> WHAT THE EXERCISE ASKS: Please return the lines below verbatim, beginning at the one that has "Suggestiva GRANDE Litografia" and stopping after the one that has "退任のお祝いを受ける文炯培・憲法裁所長権限代行と李美善・憲法裁判官(8/15)", and add no other lines.

> SOURCE DATA:
+===+
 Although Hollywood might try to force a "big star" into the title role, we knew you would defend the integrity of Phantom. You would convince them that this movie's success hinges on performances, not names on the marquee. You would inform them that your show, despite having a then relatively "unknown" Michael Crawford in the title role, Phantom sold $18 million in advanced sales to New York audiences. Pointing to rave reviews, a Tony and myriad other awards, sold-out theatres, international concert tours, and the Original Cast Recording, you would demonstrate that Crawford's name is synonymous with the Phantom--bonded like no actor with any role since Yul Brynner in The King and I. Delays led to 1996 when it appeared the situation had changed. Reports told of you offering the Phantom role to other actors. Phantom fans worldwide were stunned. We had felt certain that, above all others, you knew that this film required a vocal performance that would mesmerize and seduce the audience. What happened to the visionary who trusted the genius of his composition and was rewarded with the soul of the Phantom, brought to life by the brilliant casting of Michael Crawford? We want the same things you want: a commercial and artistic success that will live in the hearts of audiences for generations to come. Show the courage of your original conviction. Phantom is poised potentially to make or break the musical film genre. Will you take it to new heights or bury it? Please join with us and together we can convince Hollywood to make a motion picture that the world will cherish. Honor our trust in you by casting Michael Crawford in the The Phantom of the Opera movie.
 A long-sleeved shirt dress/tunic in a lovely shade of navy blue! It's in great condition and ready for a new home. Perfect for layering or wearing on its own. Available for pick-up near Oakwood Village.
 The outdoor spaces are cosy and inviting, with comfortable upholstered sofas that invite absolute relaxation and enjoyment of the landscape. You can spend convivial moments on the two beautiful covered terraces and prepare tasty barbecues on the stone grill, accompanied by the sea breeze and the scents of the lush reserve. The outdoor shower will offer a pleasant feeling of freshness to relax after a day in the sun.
+===+
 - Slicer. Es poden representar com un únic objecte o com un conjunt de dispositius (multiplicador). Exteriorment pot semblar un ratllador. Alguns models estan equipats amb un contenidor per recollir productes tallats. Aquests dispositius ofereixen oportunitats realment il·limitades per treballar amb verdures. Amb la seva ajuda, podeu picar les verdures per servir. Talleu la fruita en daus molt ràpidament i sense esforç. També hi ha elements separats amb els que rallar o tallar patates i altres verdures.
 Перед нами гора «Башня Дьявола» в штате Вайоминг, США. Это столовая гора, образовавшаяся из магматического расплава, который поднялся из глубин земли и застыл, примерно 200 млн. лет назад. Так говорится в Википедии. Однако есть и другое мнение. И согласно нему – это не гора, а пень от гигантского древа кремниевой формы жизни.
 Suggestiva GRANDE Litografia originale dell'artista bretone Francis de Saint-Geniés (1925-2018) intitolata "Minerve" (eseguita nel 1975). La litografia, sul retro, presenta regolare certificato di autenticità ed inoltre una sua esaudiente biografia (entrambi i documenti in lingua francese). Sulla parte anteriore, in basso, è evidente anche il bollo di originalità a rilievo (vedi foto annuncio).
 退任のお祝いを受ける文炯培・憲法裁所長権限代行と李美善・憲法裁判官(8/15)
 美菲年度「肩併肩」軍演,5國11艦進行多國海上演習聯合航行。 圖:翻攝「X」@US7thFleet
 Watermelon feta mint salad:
+===+
> SOLVED PROBLEM:
 Suggestiva GRANDE Litografia originale dell'artista bretone Francis de Saint-Geniés (1925-2018) intitolata "Minerve" (eseguita nel 1975). La litografia, sul retro, presenta regolare certificato di autenticità ed inoltre una sua esaudiente biografia (entrambi i documenti in lingua francese). Sulla parte anteriore, in basso, è evidente anche il bollo di originalità a rilievo (vedi foto annuncio).
 退任のお祝いを受ける文炯培・憲法裁所長権限代行と李美善・憲法裁判官(8/15)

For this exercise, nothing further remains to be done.